The Word problems is as follow's...
A chemist needs 90 milliliters of a 72% solution but has only 68% and 77% solutions available. Find how many milliliter of each that should be mixed to get the desired solution.
I have tried using X+Y=72% over 68%X+77%Y=90 and adding the two together to single out the x and y values,but this just brings up some wierd number that are way to high. The answer in the book is 50 ml of 68% and 40ml of 77%. I cant see how they get this answer. Please help
Answer by ankor@dixie-net.com(22740) (Show Source): You can put this solution on YOUR website!

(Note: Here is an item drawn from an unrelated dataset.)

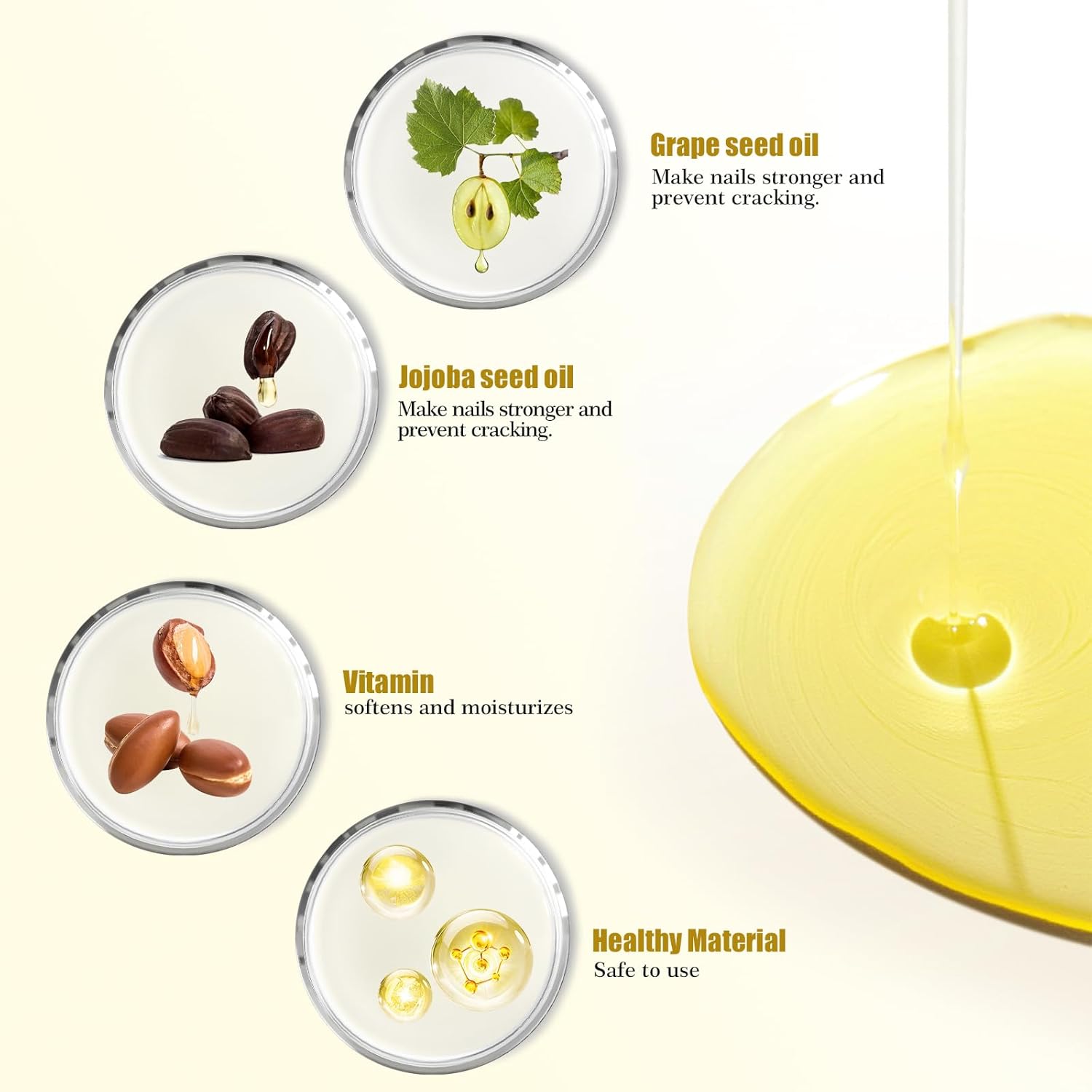 - 【Moisturizing】 Our Cuticle Oil for Nails and Toes is specially formulated to hydrate and relieve cuticles after manicure and pedicure procedures. Pure natural jojoba seed oil and grape seed oil extraction are both rich in vitamins and proteins. this cuticle oil deeply nourishes, leaving your cuticles soft and hydrated. Ideal for daily use, our cuticle oil helps prevent dryness and cracking, keeping your nails looking perfect and well-maintained.

A chemist needs 90 milliliters of a 72% solution but has only 68% and 77% solutions available.
Find how many milliliter of each that should be mixed to get the desired solution.
:
Let x = amt of 77% solution required
Let y = amt of 68% solution required
:
"A chemist needs 90 milliliters of a 72% solution"
x + y = 90
y = (90-x); use this form for substitution
:
" but has only 68% and 77% solutions available."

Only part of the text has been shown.